Glow-in-the-dark shrimp safe to eat

2010-08-09T14:24:00Z 2010-08-09T20:06:09Z Glow-in-the-dark shrimp safe to eatOSU News and Communications Corvallis Gazette Times
August 09, 2010 2:24 pm  • 

So, you decide that the best way to use those still-glowing coals is to throw on those fresh shrimp that just never made it to the grill. You peel, devein and sprinkle them with salt, and then head back outside to stir the coals. Your frugal spouse flips off the kitchen light. You re-enter the darkened kitchen to discover — the shrimp are glowing eerily in the dark.

No, it isn’t science fiction. According to Oregon State University’s Sea Grant Extension specialists, it’s perfectly natural — and perfectly safe.

In a press release issued Monday, OSU Sea Grant Extension Specialist Kaety Hildenbrand, who works with coastal fishing communities, said marine bacteria can cause glowing or luminescence when they grow on seafood products – a trait that may be exacerbated by the adding of salt during processing.

That should come as reassuring news to Oregonians who recently purchased pink shrimp at the coast or at large retail stores. They have called OSU’s Lincoln County Extension Office in Newport over the past week to report that their seafood was glowing in the dark.

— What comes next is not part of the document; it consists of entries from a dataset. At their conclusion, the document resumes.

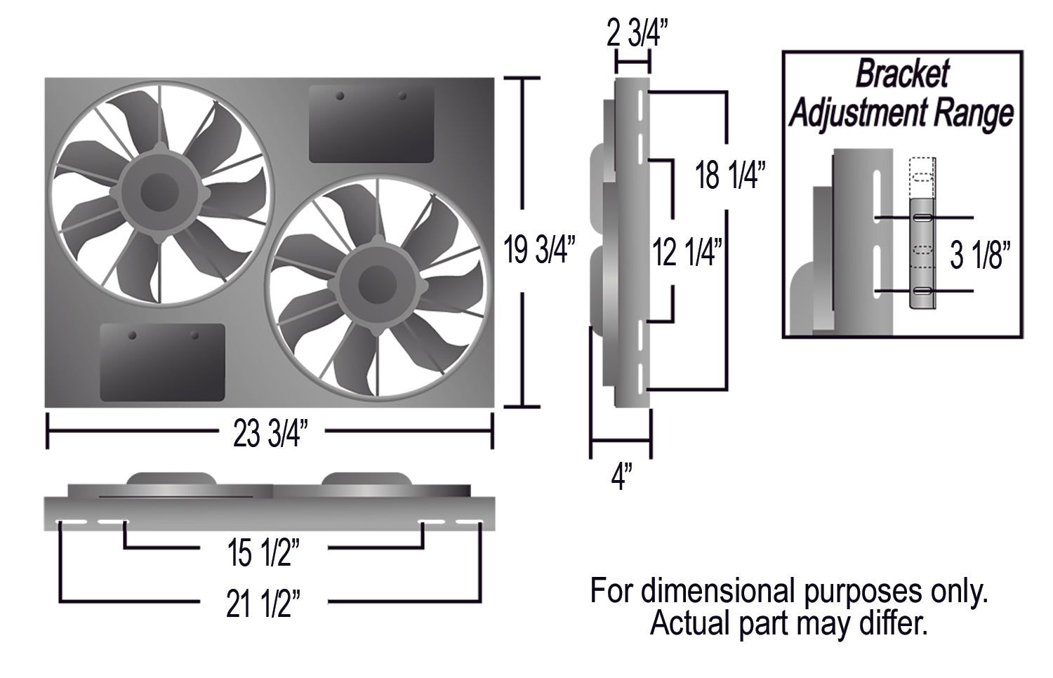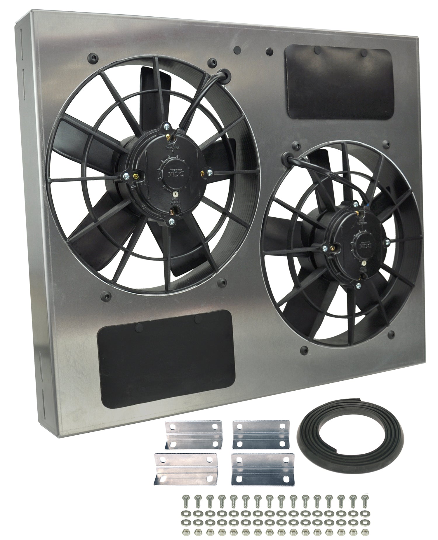 This Dual High Output RAD Fan Powerpack Assembly allows true Dual Fan performance in a package the size of others Single shrouded fans. Featuring an aluminum shroud measuring a tidy 23 3/4" wide by 19 3/4" top to bottom and only 4 1/2" in overall depth to offer an adjustable yet precision fit, it uses two IP-68 certified waterproof/dustproof 11" electric fans to provide a powerful one-two 3750 cfm punch to a hot engine. The natural, non-finished aluminum shroud gives the user the freedom to polish, anodize, paint, or simply leave it raw to create a truly custom look at a reasonable price.
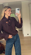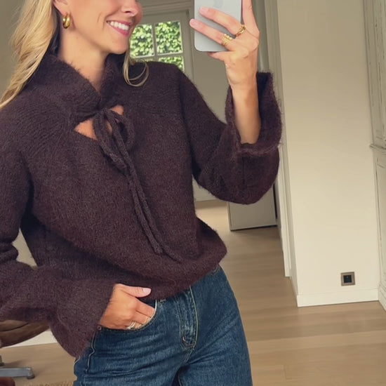Turn everyday style into effortless charm with the Brown Harper Sweater. Its soft fabric, high collar with a delicate tie, and flared cuffs add playful elegance, making it the perfect piece to elevate any outfit.
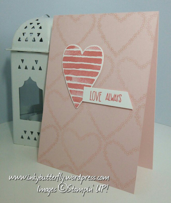 On some watercolour paper, I stamped the striped heart from the Heart Happiness stamp set using clear Versamark ink. This was heat embossed with clear powder.

“This is a situation that pops up on occasion and this seems to be a banner year for glowing seafood,” Hildenbrand said in the release. “One person turned her lights off to watch a movie and her shrimp salad started to glow. Another man left his pink shrimp on the counter to thaw, and when he got up, it was glowing ... .

“People are calling to ask about safety and we’re assuring them there’s nothing wrong with their seafood,” she added. “I’ve even seen glow-in-the-dark salmon before.”

One reason many people haven’t seen luminescent seafood is that they rarely prepare cooked shrimp, crabmeat and other products in the dark. According to the Sea Grant Extension program at the University of California, there are numerous marine bacteria that can cause luminescence, including Alternomonas hanedai, Photobacterium phosphoreum, P. leiognathi, Vibrio fischeri, V. harveyi, V. logei and V. splendidus. Some can grow at refrigerator temperatures — especially on seafood products where salt has been added during processing.

Such bacterial growth is normal, said OSU Sea Grant Extension specialist Jeff Feldner, a former commercial fisherman.

“These occurrences actually have gone on for years,” he said, “and there haven’t been reports of illness from luminous marine bacteria.”

The OSU Extension specialists suggest consumers keep cooked seafood products chilled at temperatures as close to 32 degrees as possible, and to consume these products within a day or two of purchase.